**TASK TO CARRY OUT:** Whatever lies between the line that holds "Цокольный этаж: три" and the final line of the records below, both included, should be repeated exactly; leave out the pictures and add nothing.

**RECORDED INFORMATION:**
______

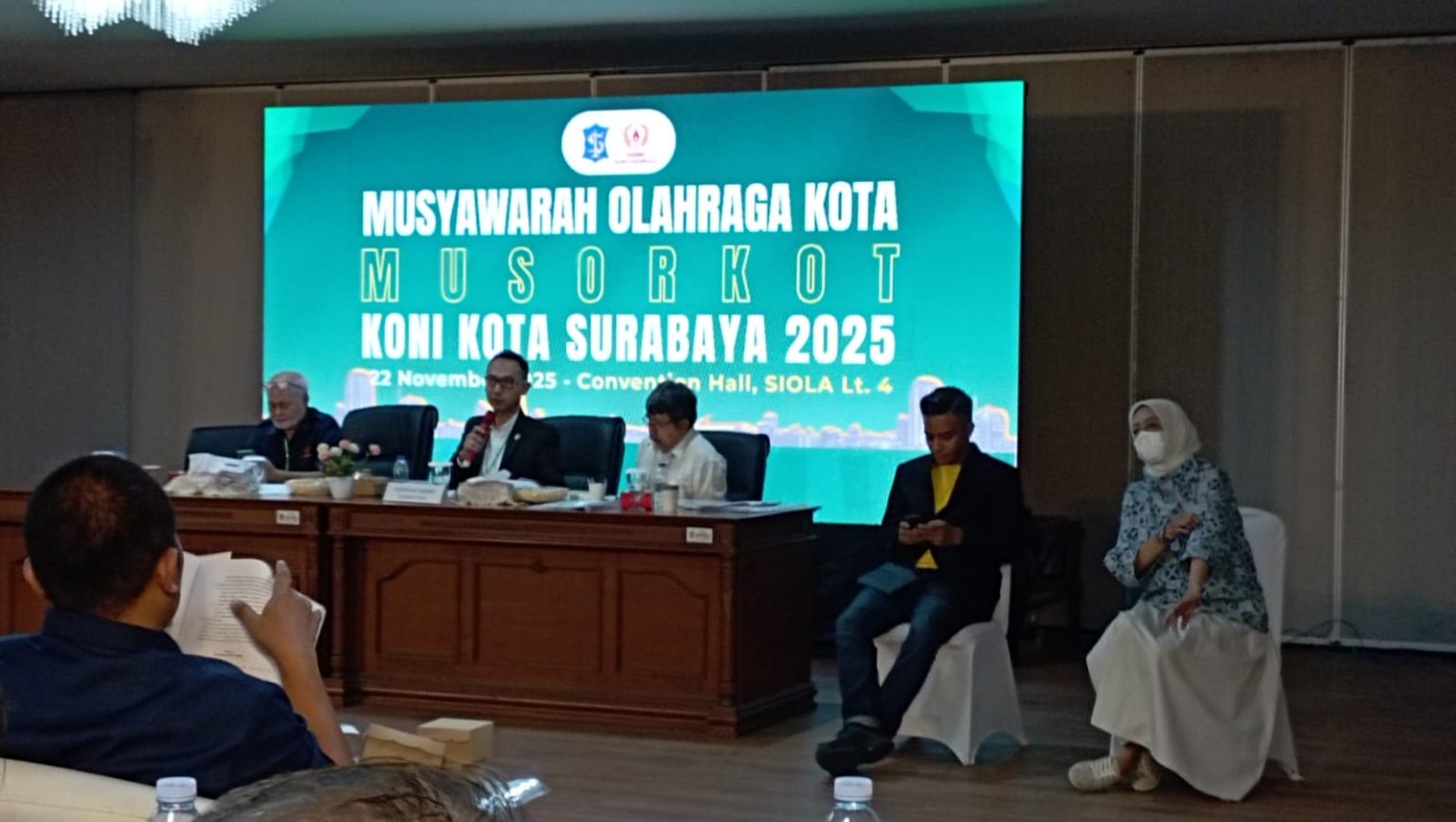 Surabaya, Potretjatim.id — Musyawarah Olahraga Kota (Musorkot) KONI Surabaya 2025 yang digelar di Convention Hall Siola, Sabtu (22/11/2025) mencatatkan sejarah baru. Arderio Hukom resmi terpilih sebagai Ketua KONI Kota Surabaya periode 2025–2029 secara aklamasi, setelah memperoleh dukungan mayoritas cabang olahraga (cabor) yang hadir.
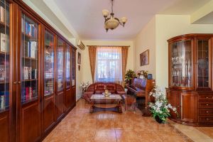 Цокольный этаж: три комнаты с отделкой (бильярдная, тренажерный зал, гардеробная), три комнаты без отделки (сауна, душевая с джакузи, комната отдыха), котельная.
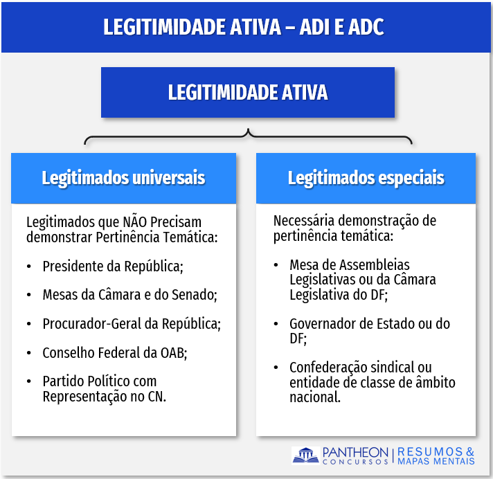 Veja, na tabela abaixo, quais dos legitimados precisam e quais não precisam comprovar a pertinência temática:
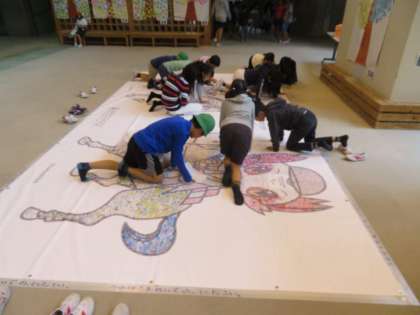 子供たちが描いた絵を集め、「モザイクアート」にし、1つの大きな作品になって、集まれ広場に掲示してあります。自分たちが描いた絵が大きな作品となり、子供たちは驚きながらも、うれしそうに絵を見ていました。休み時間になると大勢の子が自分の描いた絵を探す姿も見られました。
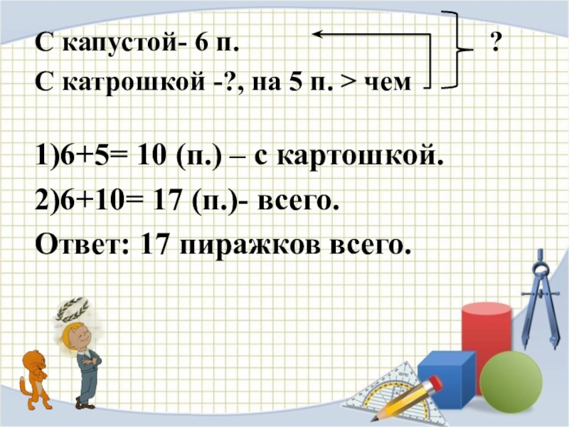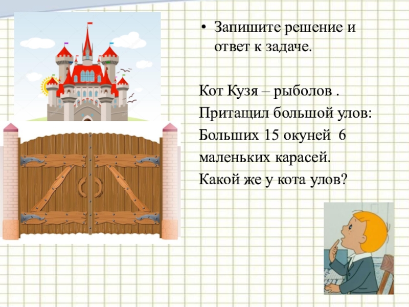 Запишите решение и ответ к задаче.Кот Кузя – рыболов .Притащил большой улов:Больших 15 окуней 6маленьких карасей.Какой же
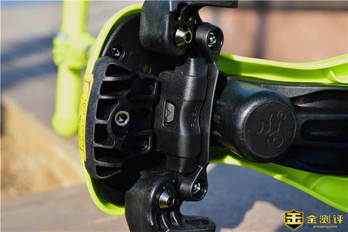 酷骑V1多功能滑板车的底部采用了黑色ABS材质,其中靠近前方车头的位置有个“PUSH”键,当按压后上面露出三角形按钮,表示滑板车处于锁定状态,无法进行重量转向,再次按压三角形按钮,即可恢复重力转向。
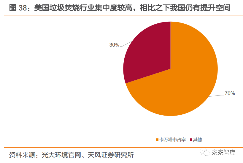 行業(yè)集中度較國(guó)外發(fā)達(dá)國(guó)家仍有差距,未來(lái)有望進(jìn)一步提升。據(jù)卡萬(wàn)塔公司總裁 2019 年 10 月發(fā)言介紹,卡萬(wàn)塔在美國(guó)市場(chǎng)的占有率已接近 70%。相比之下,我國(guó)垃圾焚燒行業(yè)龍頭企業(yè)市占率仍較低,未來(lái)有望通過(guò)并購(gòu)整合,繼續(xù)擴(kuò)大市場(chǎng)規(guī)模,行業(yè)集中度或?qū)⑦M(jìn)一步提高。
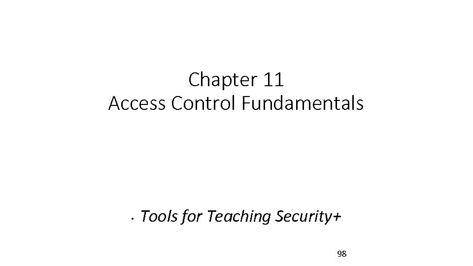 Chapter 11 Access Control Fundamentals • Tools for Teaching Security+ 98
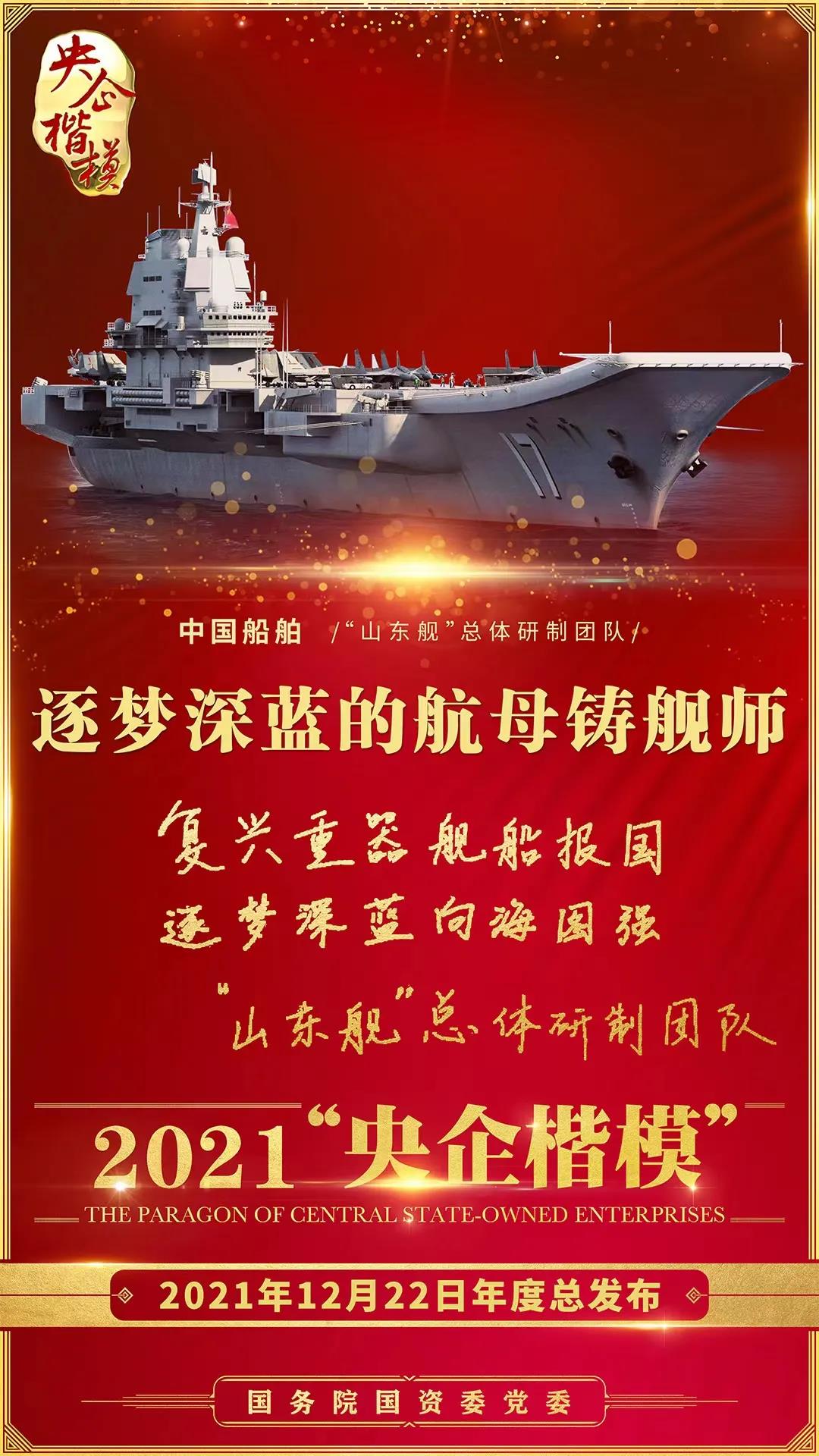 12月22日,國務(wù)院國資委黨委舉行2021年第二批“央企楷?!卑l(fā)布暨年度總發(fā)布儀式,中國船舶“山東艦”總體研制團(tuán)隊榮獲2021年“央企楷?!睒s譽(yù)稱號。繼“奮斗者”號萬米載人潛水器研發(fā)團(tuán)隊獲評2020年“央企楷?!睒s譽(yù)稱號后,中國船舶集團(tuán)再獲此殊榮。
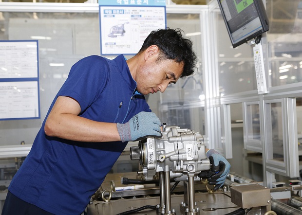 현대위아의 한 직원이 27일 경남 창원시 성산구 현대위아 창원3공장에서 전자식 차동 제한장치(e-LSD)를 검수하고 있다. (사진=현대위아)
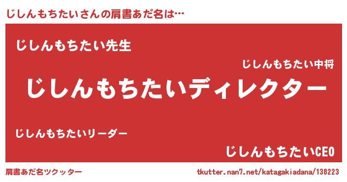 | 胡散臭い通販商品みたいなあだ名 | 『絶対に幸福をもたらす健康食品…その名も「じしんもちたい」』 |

______

**TASK OUTPUT:**
 Цокольный этаж: три комнаты с отделкой (бильярдная, тренажерный зал, гардеробная), три комнаты без отделки (сауна, душевая с джакузи, комната отдыха), котельная.
 Veja, na tabela abaixo, quais dos legitimados precisam e quais não precisam comprovar a pertinência temática:
 子供たちが描いた絵を集め、「モザイクアート」にし、1つの大きな作品になって、集まれ広場に掲示してあります。自分たちが描いた絵が大きな作品となり、子供たちは驚きながらも、うれしそうに絵を見ていました。休み時間になると大勢の子が自分の描いた絵を探す姿も見られました。
 Запишите решение и ответ к задаче.Кот Кузя – рыболов .Притащил большой улов:Больших 15 окуней 6маленьких карасей.Какой же
 酷骑V1多功能滑板车的底部采用了黑色ABS材质,其中靠近前方车头的位置有个“PUSH”键,当按压后上面露出三角形按钮,表示滑板车处于锁定状态,无法进行重量转向,再次按压三角形按钮,即可恢复重力转向。
 行業(yè)集中度較國(guó)外發(fā)達(dá)國(guó)家仍有差距,未來(lái)有望進(jìn)一步提升。據(jù)卡萬(wàn)塔公司總裁 2019 年 10 月發(fā)言介紹,卡萬(wàn)塔在美國(guó)市場(chǎng)的占有率已接近 70%。相比之下,我國(guó)垃圾焚燒行業(yè)龍頭企業(yè)市占率仍較低,未來(lái)有望通過(guò)并購(gòu)整合,繼續(xù)擴(kuò)大市場(chǎng)規(guī)模,行業(yè)集中度或?qū)⑦M(jìn)一步提高。
 Chapter 11 Access Control Fundamentals • Tools for Teaching Security+ 98
 12月22日,國務(wù)院國資委黨委舉行2021年第二批“央企楷?!卑l(fā)布暨年度總發(fā)布儀式,中國船舶“山東艦”總體研制團(tuán)隊榮獲2021年“央企楷?!睒s譽(yù)稱號。繼“奮斗者”號萬米載人潛水器研發(fā)團(tuán)隊獲評2020年“央企楷?!睒s譽(yù)稱號后,中國船舶集團(tuán)再獲此殊榮。
 현대위아의 한 직원이 27일 경남 창원시 성산구 현대위아 창원3공장에서 전자식 차동 제한장치(e-LSD)를 검수하고 있다. (사진=현대위아)
 | 胡散臭い通販商品みたいなあだ名 | 『絶対に幸福をもたらす健康食品…その名も「じしんもちたい」』 |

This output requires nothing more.